Volatility in the EUR/USD pair certainly increased as the US Federal Reserve announced the first rate hike in 9 years, but volatility was perhaps slightly more muted than expected. The 1.08 level has become crucial for this pair, and a break below will confirm the formation of a head and shoulders pattern.
The US Federal Reserve raised interest rates for the first time in 9 years as expected last week, by 25 basis points. Trading volumes were heavy on the result which led to a lift in volatility, but the swings were limited.
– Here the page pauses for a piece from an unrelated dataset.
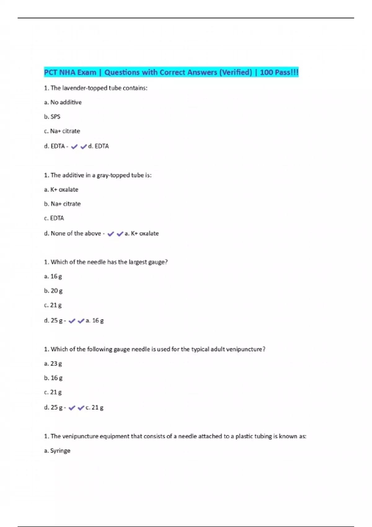 PCT NHA Exam | Questions with Correct Answers (Verified) | 100 Pass!!!
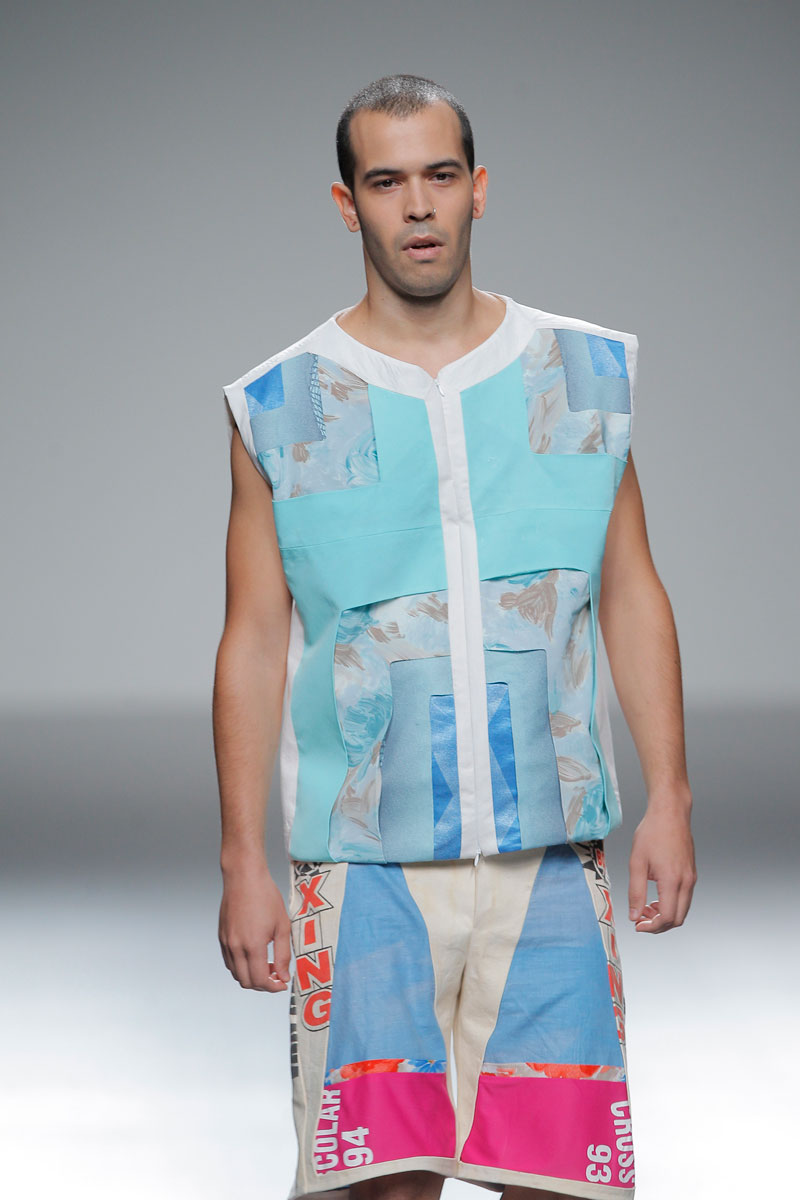 He created a men’s collection whose point of departure consists of clothing items donated by friends and acquaintances. “New Life” is a combinatory experiment in which every stitch establishes an impossible link between eras, persons, styles and functions. Re-usable materials become souvenirs of a rhizomatic network of affections and the clothing items acquire new life through an architecture of broken lines and poetic volumes. In times of unemployment, economic crisis, junk bonds, fear, disillusion, impotence and uncertainty, Ruizgalán proposes an ecology of style and reaffirms fashion’s capacity to generate bright architectures and future projects.

This was testament to the Fed managing the markets expectations wellin the months preceding the announcement, and delivering on those expectations.
The euro was understandably weaker as the market digested the Fed's announcement and the potential for further rate hikes next year. The expected divergence in monetary policy is likely to see the pair drift lower in the early part of 2016.
The week ahead will still be busy as the rest of us wind down for the year. US GDP, home sales, durable goods orders and unemployment claims are all due. Watch out for choppy trading conditions as volumes dry up with the holiday season upon us.
Technicals show a head and shoulders pattern forming, which could lead to a shift lower. The second shoulder is currently forming under the 100 day MA, which will be a solid bearish signal if the MA holds. The neck line at 1.0800 has become quite important for the pair, and a break lower of this will erase all of the months gains and see the early December lows become a target. Support is found at 1.0800, 1.0685 and 1.0568 while resistance is found at 1.0929, 1.1041 and 1.1125.